## What needs to be done
Since the records include pictures, leave those out while you reproduce exactly and only the lines from the one containing "ゴルフ観戦・庭飲み・釣り・キャンプ・バーベキュー・運動会・レジャー、どこでも大活躍ですよ。 | |" through the one containing "Ο Πιερικός Αρχέλαος", inclusive.

## Provided data

....

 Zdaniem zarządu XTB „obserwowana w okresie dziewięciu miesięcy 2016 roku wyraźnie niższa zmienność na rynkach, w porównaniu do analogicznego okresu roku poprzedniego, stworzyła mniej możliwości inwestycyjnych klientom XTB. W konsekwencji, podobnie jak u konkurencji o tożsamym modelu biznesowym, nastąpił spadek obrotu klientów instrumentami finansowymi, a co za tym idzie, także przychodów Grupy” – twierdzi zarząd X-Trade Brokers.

....

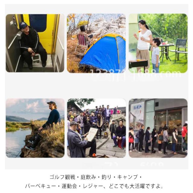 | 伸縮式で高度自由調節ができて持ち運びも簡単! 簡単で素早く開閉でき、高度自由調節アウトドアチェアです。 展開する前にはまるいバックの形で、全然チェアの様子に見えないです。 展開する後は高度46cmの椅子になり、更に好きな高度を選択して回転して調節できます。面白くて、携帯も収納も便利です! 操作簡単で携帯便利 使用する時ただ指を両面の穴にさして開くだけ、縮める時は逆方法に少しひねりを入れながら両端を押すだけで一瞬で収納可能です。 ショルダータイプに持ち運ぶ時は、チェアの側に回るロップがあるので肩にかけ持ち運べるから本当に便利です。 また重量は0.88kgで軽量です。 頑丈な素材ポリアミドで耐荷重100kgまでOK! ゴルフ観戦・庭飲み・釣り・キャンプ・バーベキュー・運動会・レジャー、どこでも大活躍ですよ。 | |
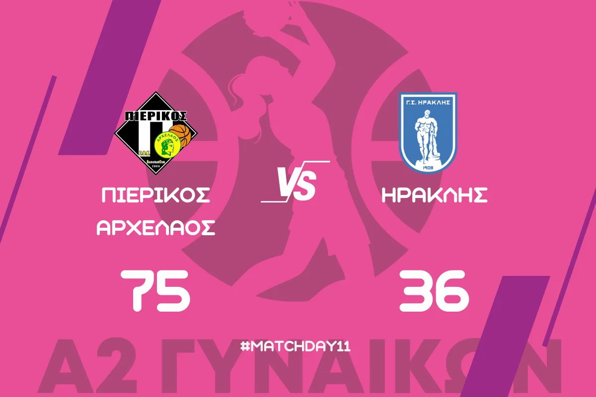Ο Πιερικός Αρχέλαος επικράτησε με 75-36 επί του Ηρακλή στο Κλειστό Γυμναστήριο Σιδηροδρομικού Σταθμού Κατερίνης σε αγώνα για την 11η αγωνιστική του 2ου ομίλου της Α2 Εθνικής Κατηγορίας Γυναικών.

....

## Completed exercise
 | 伸縮式で高度自由調節ができて持ち運びも簡単! 簡単で素早く開閉でき、高度自由調節アウトドアチェアです。 展開する前にはまるいバックの形で、全然チェアの様子に見えないです。 展開する後は高度46cmの椅子になり、更に好きな高度を選択して回転して調節できます。面白くて、携帯も収納も便利です! 操作簡単で携帯便利 使用する時ただ指を両面の穴にさして開くだけ、縮める時は逆方法に少しひねりを入れながら両端を押すだけで一瞬で収納可能です。 ショルダータイプに持ち運ぶ時は、チェアの側に回るロップがあるので肩にかけ持ち運べるから本当に便利です。 また重量は0.88kgで軽量です。 頑丈な素材ポリアミドで耐荷重100kgまでOK! ゴルフ観戦・庭飲み・釣り・キャンプ・バーベキュー・運動会・レジャー、どこでも大活躍ですよ。 | |
Ο Πιερικός Αρχέλαος επικράτησε με 75-36 επί του Ηρακλή στο Κλειστό Γυμναστήριο Σιδηροδρομικού Σταθμού Κατερίνης σε αγώνα για την 11η αγωνιστική του 2ου ομίλου της Α2 Εθνικής Κατηγορίας Γυναικών.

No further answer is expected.